29) MPM © schrieb am 15.09.2016 um 16:24:52 zur Folge und der letzte Song: Peter Kirchberger war schon besetzt (und evtl. auch schon eingesprochen) als Andreas Beurmann noch lebte und die Rolle auch noch sprechen sollte.

30) PerryClifton © schrieb am 15.09.2016 um 16:53:55 zur Folge und der letzte Song: @28 Der Beschreibung Schulzkis stimme ich absolut zu. Seine Stimme lässt einen immer sofort aufhorchen und verleiht den gesprochenen Rollen oft so eine Art eleganter, tiefsinniger Aura, je nach Rolle sympathisch oder böse. Nur für Onkel Titus eben finde ich Kirchbergers energiegeladene Frivolität etwas passender.
@29 Das würde einiges erklären.

31) Jeffrey Shaw © schrieb am 16.09.2016 um 01:00:49 zur Folge und der letzte Song: Gerade in die Hörprobe reingehört. Hahahuhuahahha. Lennys Partyperformance hat etwas Spinal Tap-mäßiges. Oder Peter Kirchberger wandelt auf Michael McKeans Spuren.

32) PerryClifton © schrieb am 16.09.2016 um 12:48:24 zur Folge und der letzte Song: Also ich muss sagen, die Hörprobe macht echt Spaß. Das hatte ich schon ewig nicht mehr Klar, das Ganze rutscht nur mit nem Augenzwinkern, aber es unterhält prächtig *g*

33) JohnDoggett © schrieb am 29.09.2016 um 19:02:55 zur Folge und der letzte Song: Sehr enttäuschend, die neue Hörspielfolge.
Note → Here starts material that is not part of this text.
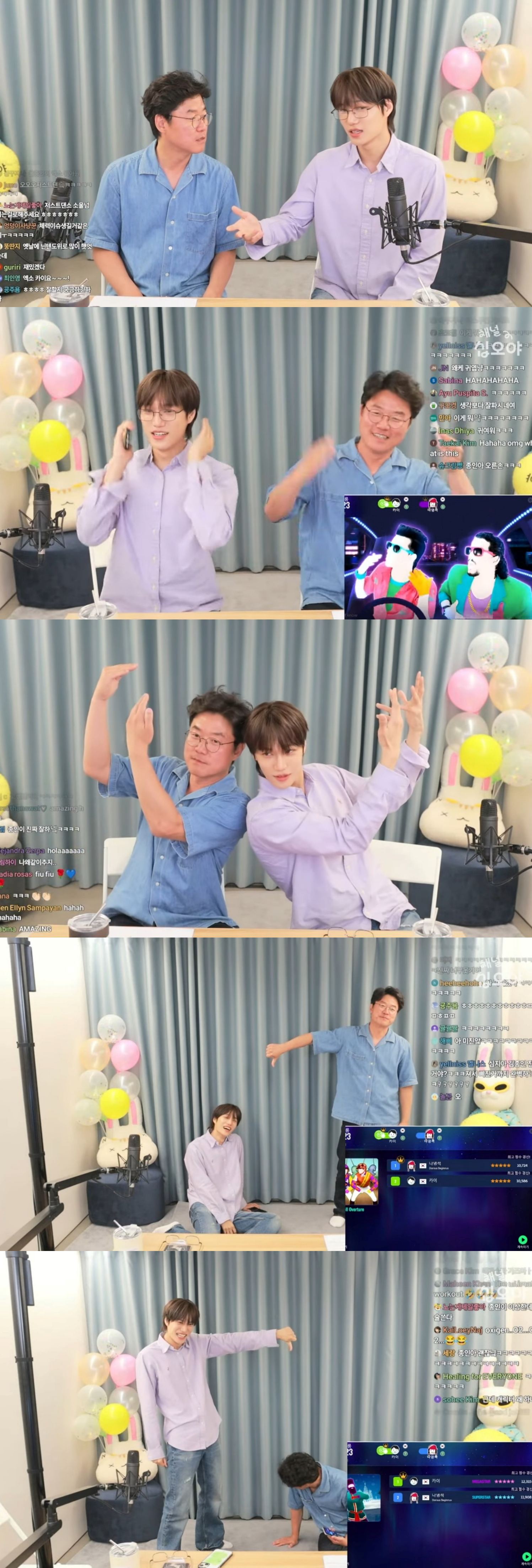 이날 나영석PD는 "카이 씨가 나온다고 해서 재밌는걸 준비했다"면서 댄스 게임 '저스트댄스'에 도전했다. 앉아서 춘 첫 연습 게임 후 두 사람은 엑소의 '몬스터'에 도전했고 기진맥진한 모습으로 웃음을 자아냈다.

Reicht an das recht gute Buch in keiner Phase ran. Naja.

34) Bird Wiggins © schrieb am 30.09.2016 um 02:04:42 zur Folge und der letzte Song: @33: Hast du was anderes erwartet? Das Hsp ist zwar kein totaler Ausfall aber auch nicht eins, dass sich zum mehrmaligen Hören eignet. Allein die Sprecher sind eine Katastrophe bzw. komplett falsch besetzt. Vor allem Sax, der jünger klingt als Bob. Ich hatte beim Lesen des Buches Andreas Mannkopffs Stimme im Ohr. Und zu Schulzki sage ich nichts, nur dass ich Beurmann vermisse.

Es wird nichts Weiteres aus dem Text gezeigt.